Tuesday, October 10, 2006

Preparing Your Child For Surgery

Recently, I was a guest of our local hospital getting some surgery done on my nose (I will save you the details) and I noticed several children getting prepped for operations. In fact, the doctor that did mine, before she got to me, she did an adenoid operation on a little tyke that could not have been much more than two.

Face it, surgery at any age is scary, heck even I was scared and my surgery was pretty minor and only a half an hour long and I am an adult! Imagine what it would be like for a child who has no idea what is going on?

The nurses at the hospital that I was at are the best and they were very nice to me (I was alone, my parents had left and my hubby was coming later after my surgery as he would have just had to wait till I was out of surgery.) I can not imagine taking a child there, yet, it needs to be done sometimes. How do you as a parent get your child ready for their upcoming surgery?

One thing you can do to prepare your child is visit the library or go online. There are picture books available for children that show what it is like to be in the hospital and have an operation. There is a good one about Franklin the Turtle who must go to the hospital to get his shell repaired. Take some time, and do some research and tell your child what to expect. You could even purchase a doctors kit for your child and have them play with it with their teddy bear. They can take the temperature and pulse of the bear and bandage it up and even pretend to perform surgery on the bear. This will also help elevate fears.

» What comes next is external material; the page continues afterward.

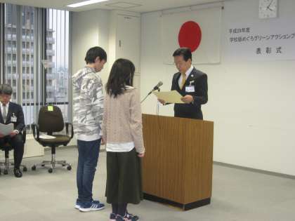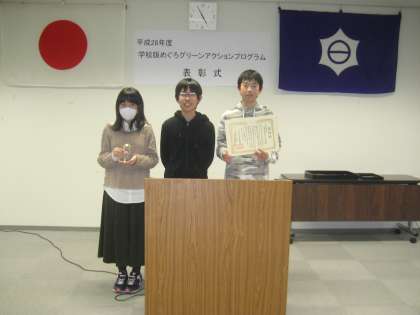 3月6日に表彰式が行われ、学校を代表して6年生の環境委員会の児童が出席し、教育長から賞状と記念品(ガラスの置物)をいただきました。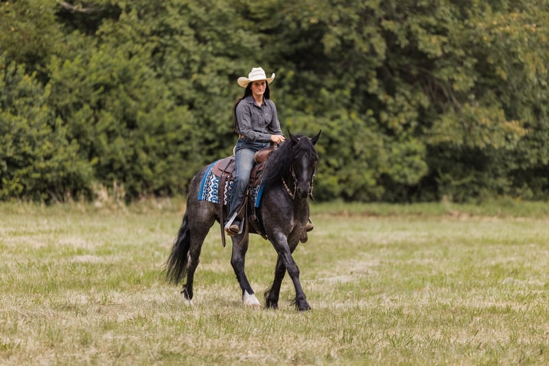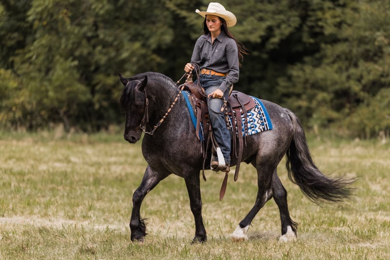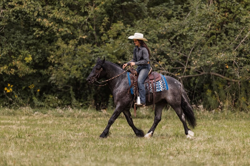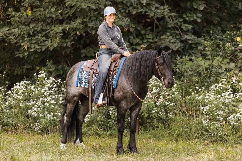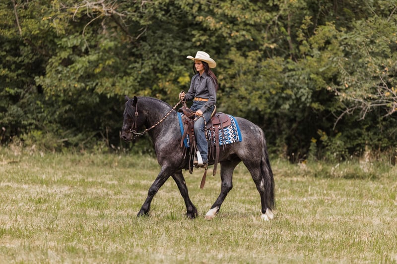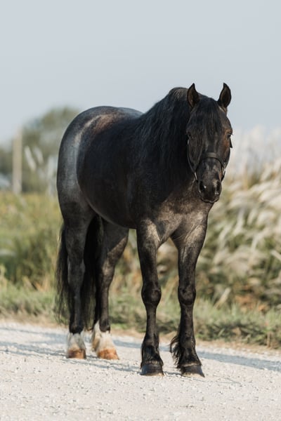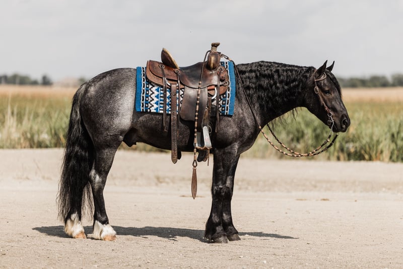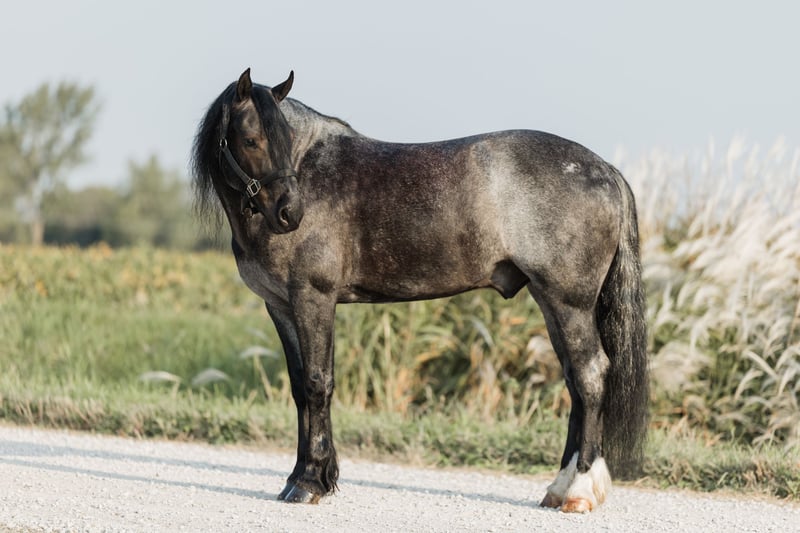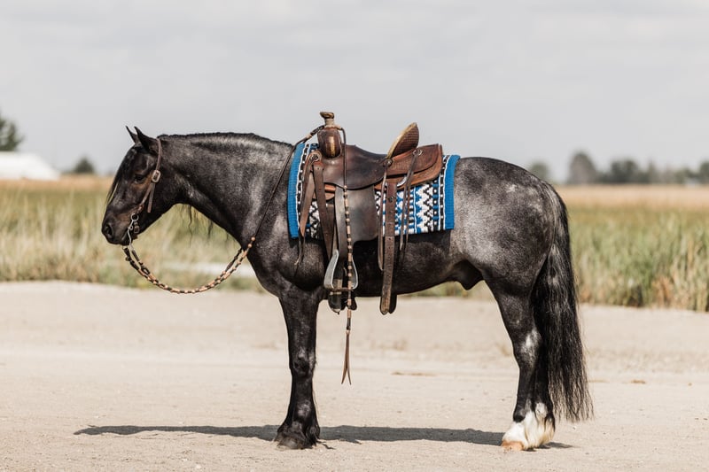 🍁𝒕𝒉𝒆 𝐅𝐀𝐋𝐋 𝑺𝒑𝒆𝒄𝒕𝒂𝒄𝒖𝒍𝒂𝒓🍁 Happening now thru MONDAY | SEPTEMBER 22nd - Available EXCLUSIVELY on HorseBid's website! For more details and to register visit: www.Horsebid.com CONSIGNOR CONTACT: Helmuth Equine 515-460-9191 LOCATION: Ames, IA BREED: Gypsy X Welsh REGISTERED: No COLOR: Blue Roan HEIGHT: 14.1 AGE: 5 GENDER: Gelding Azul is a 5 year old blue roan gelding who stands at 14.1 hh. He is a Gypsy X Welsh. Azul is very versatile and could go in any direction. He rides very well western, lopes circles on a loose rein, works nicely in an arena, and can also be collected up and ridden English, including dressage. He will safely carry anyone from a little kid to a grandma on a trail ride, and you can count on him being 100% safe. Azul also drives extremely well and is soft in the bridle. He would make an excellent pleasure driving horse or combined driving horse. He is quiet and safe enough for a complete beginner to drive, yet fancy enough to move up through the combined driving levels. He has been to town many times and is completely traffic safe. He drives both in a pair and single. He is a true sweetheart with the absolute best manners in and around the barn. Azul stands nicely to mount and to hitch up, and he walks off perfectly. He has excellent conformation with zero vices and does not require any special maintenance. If you’ve had a lifelong dream of owning a blue roan gentleman, Azul will be that and so much more!

Explain the problem at their level of understanding. Do not use such terms as cutting you; opening you up; sewing you up; putting you to sleep (they might confuse this with what is done to the family pet); you just need to tell them that the doctor is going to fix them up and when they wake up, though they feel kind of yucky right now, in time, they will feel much better. Assure them that they can take a favourite toy or stuffy with them. One of the little girls that went into the operating room before me had a little stuffed doll that was brought out with mom as soon as she was put under and was no doubt returned to her when she woke up.

Two of the greatest fears that are felt by young children (both preschool and school aged) are a) the fear of abandonment by their parents and b) the fear of pain. Explain to your child that the surgery is to fix a problem, not create a new one.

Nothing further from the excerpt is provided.